Penulis: Reynas Abdila
Editor: Choirul Arifin
Laporan Wartawan Tribunnews.com, Ismoyo
TRIBUNNEWS.COM, JAKARTA - Rencana pemerintah menerapkan tarif pajak pertambahan nilai atau tarif PPN 12 persen dikhawatirkan akan menekan daya beli.
Ini akan jadi PR berat bagi pemerintahan Prabowo Subianto yang oleh Komisi Pemilihan Umum (KPU) diumumkan sebagai pemenang Pilpres 2024.
Ekonom Senior Institute for Development of Economics and Finance (Indef) Tauhid Ahmad mengingatkan, dari sisi kebijakan fiskal, penerapan PPN 12 persen, bakal memiliki dampak siklus yang panjang yaitu kenaikan biaya produksi dan konsumsi yang menekan daya beli sehingga utilisasi dan penjualan melemah.
Tentunya, kebijakan tersebut akan berpengaruh pula pada menurunnya penyerapan tenaga kerja, pendapatan dan konsumsi yang menurun dan menghambat pemulihan ekonomi serta menekan pendapatan negara.
"Kita perlu akselerasi pertumbuhan ekonomi, serta menjaga konsistensi prioritas pembangunan nasional. Oleh karena itu pemerintahan baru harus menunda kenaikan PPN 12 persen, serta mengurangi efek volatile food karena inflasi," ungkap Tauhid dalam keterangannya, Sabtu (23/3/2024).
"Dan diharapkan dapat mendorong reindustrialisasi dan mempertahankan pertanian sebagai prioritas pembangunan yang akan datang," sambungnya.
Tauhid melanjutkan, calon pemerintahan yang baru juga sudah mencanangkan program makan siang gratis.

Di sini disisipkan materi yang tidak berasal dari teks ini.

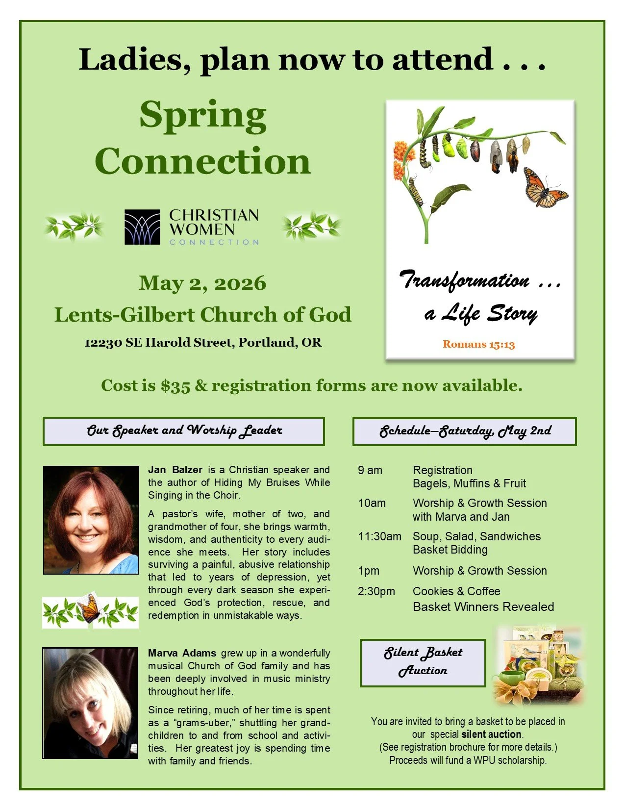 Brian Arnold, Lead Pastor of Lynchwood Church of God in Portland, is this year’s speaker and will share on the theme of Nothing Wasted: How Broken Stories Come to Life. He will focus on the faith journey of Joseph in the Old Testament and how God worked in Joseph’s life, shaping and forming him into a person God used in mighty ways. God is working in us and shaping us for His purposes as well. As Paul wrote to the church in Rome: “And we know that in all things God works for the good of those who love him, who have been called according to his purpose” (Romans 8:28 NIV).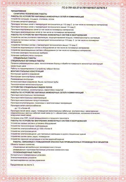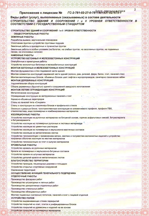 Лицензия на осуществление строительство зданий и сооружений I и II уровней ответственности в соответствии с государственным стандартом (стр.2)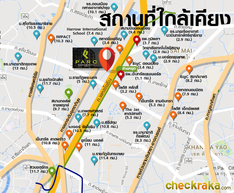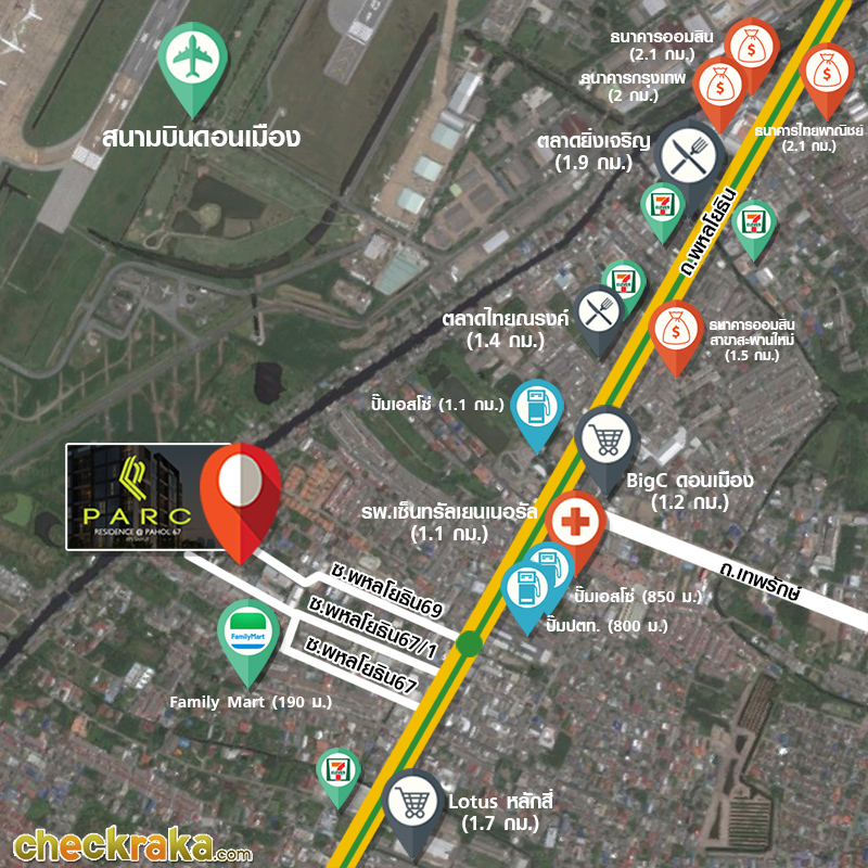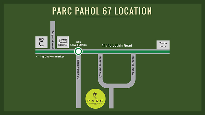 โครงการ PARC Residence @ Pahol 67 ตั้งอยู่ในซอยพหลโยธิน 67 เป็นทำเลที่อยู่ใกล้รถไฟฟ้าสายสีเขียว (กำลังก่อสร้าง) สถานีสายหยุด อยู่ใกล้สนามบินดอนเมือง ใกล้แหล่งของสดคาวหวานครบครันที่ตลาดยิ่งเจริญ ใกล้ Big C ใกล้โรงพยาบาล และมีโรงเรียนรวมถึงมหาวิทยาลัยกระจายตัวอยู่รอบๆ เรียกว่าไปทางไหนก็จะสะดวก

Di mana anggarannya dinilai dapat membebani Anggaran Pendapatan dan Pendapatan Negara (APBN) atau bahkan mengorbankan program prioritas lain seperti kesehatan dan infrastruktur yang sudah berjalan baik di era Joko Widodo.
Baca juga: Tarif PPN Naik pada 2022 Bikin Inflasi Melonjak, Bakal Terjadi Lagi di 2025?
"Jadi tantangannya adalah memilih prioritas program yang berhadapan dengan ketersediaan anggaran yang ada. Pemerintahan baru harus bisa menjaga keberlanjutan fiskal," imbuh Tauhid.
Terakhir, terkait pertumbuhan ekonomi nasional berada direntang 6-8 persen dinilai terlalu ambisius, mengingat terdapat sejumlah tantangan yang harus dihadapi.
Tauhid sendiri memperkirakan pertumbuhan ekonomi Indonesia masih akan stagnan dikisaran angka 5 persen di 2024.
Baca juga: Diduga Curangi Meteran, Dispenser SPBU Rest Area KM 42 Tol Jakarta-Cikampek Disegel
Menurut Tauhid, pertumbuhan ekonomi Indonesia yang masih relatif stagnan lantaran masih dihantui ketidakpastian ekonomi global.
Hal ini tentunya memberikan pengaruh pada harga komoditas ekspor utama Indonesia.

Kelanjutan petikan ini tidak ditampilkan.